For the following experiment which is shown schematically in Fig. 1B, the targeted Raman transition is that of the rotational transition S₀₀(1) of molecular hydrogen (Ω_R~18 THz and$g~0.3cm/GW$) and is excited in similar fashion to that in [10]. As a proof-of-principle of the mentioned-above scheme, the HC-PCF taper is set to generate up to the fifth-order Stokes with a pump emitting at 1064 nm. Consequently, the total frequency-shift due to the Raman conversion (~90 THz) is almost twice the fibre bandwidth. This physically translates in increasing the pitch of the fibre (i.e. its outer diameter) by about 50% along the taper. Furthermore for the maximum pump coupling peak-power of ~1 kW that is experimentally available, the corresponding minimum Raman length is $L_{SRS}\approx 5m$ and hence the taper should be at least 25 m long. Furthermore, it is important to note that in the above estimations we ignored the fibre optical transmission loss and the dependence of the Raman coefficient g on wavelength and pump pulse-duration. A further requirement to achieve a high conversion to the targeted wavelength relates to the adiabatic condition of the taper. In order to ensure adiabatic propagation of the guided mode and hence minimize the power loss, the taper local length-scale which is given by$l_t\approx \left(3/2\right)\Lambda /\left(d\Lambda /dl\right)=\left(3/2\right)\Lambda \left({\nu }_0/{\Omega }_R\right)\left(L_{SRS}/{\Lambda }_0\right)$must be much larger than the coupling beat length$l_b=2\pi /\Delta \beta$, where$\Delta \beta$is the difference between the propagation constant of the fundamental and that of the second local higher-order mode [11]. For the case of a 7-cell PBG HC-PCF the beat length is of the order of 1 mm while taper local length is of the order of several metres, fulfilling thus the adiabaticity requirement.

2.2 Fabrication process

Once the required taper specifications are set, the fibre taper is then fabricated during the fibre drawing process following a method adapted from [12]. A 7-cell core defect HC-PCF’s cane, obtained by the usual stack and draw technique [13], is drawn down to an outer diameter of 118µm so that the fibre’s PBG is centered at 1064nm; the linear taper is then realized by decreasing the fibre drawing speed whilst keeping all other parameters constant so that the final outer diameter reaches 180µm, corresponding to a PBG centered at ~1550 nm. During the fibre draw, care was taken in calibrating the pressure in the preform cladding and core respectively so to avoid the holes collapsing and to keep the air-filling fraction constant throughout. Several fibre tapers have been fabricated, with length varying from 20m to 40m so to be tailored to different pump power thresholds required to start the Raman amplification.

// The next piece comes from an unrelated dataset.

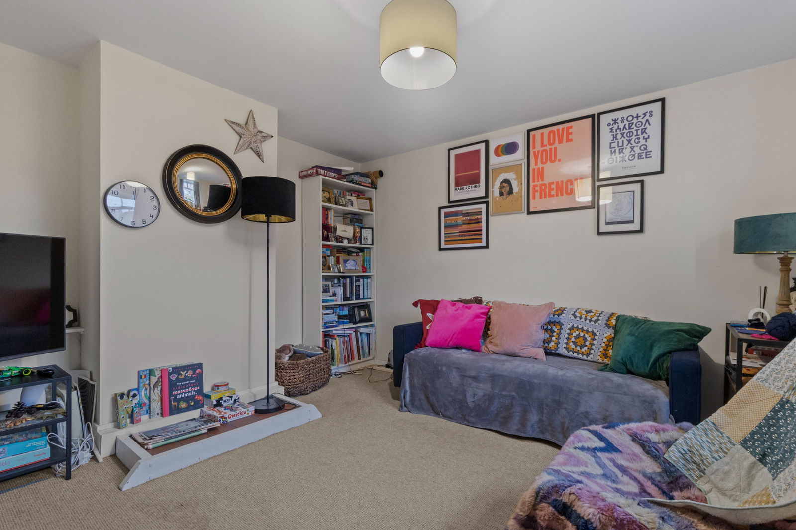 Carpet, double glazed window to the front, ceiling light fitting, radiator, tiled hearth.

2.3 Linear and structural characterization

The taper used here, presented schematically in Fig. 1, is ~40 m-long, and designed with r_PBG~2.6 THz/m corresponding to L _SRS~4.5 m for a coupled pump-peak power of 200 W. Figure 2 shows the physical properties of an identical tapered HC-PCF, whereby Figs. 2A and 2B present scanning-electron-micrographs (SEM) of the fibre cross-section at both ends of the taper in the same scale. No significant fibre structural deformations are observed, even though the pitch, core diameter and the outer diameter of the fibre are scaled up by more than 50% over ~40m. The linear expansion of these parameters is corroborated in Fig. 2C, which shows the measured variation within the taper length of both the pitch and core diameter from the SEMs of the cross-sections of ~2 m-long segments of the truncated fibre taper. The air-filling fraction from these SEMs was consistently measured to be 93% ± 0.5%, confirming the maintained integrity of the structure throughout the taper. This was also corroborated optically by recording the transmission spectra through six 6 m-long sections of a truncated fibre taper. This evolution is plotted in Fig. 2D where the central wavelength of the transmitted spectrum was shown to shift quasi-linearly from 1073nm to 1522nm with a slope of 2.6 THz/m. The PBG bandwidth, measured to be 35% of the central wavelength at each taper section, exhibits less than 1% relative variation as the structure is scaled up. This fabrication technique proves therefore effective for the control of the transmission position over ~100THz, with no foreseeable obstacles to scale this process up to the mid IR. Furthermore, the optical transmission loss was also measured for each 6-m long sections and found to be ~100 dB/km around 1064 nm and ~50 dB/km near 1550 nm, which is qualitatively consistent with the wavelength-scale ${\lambda }^{-3}$ of the PBG HC-PCF optical loss [14].

 

Fig. 2 Physical and optical properties of a tapered HC-PCF. (A) and (B) Scanning electronic micrograph (SEM) of a tapered HC-PCF at the input section (1064 nm end) and the output section (1550 nm end) respectively. (C): Measured fibre core-diameter and cladding pitch o a tapered HC-PCF at different length sections. (D) Central band gap wavelength (black) at the position of the taper and 3dB bandwidth (grey) along the tapered HC-PCF.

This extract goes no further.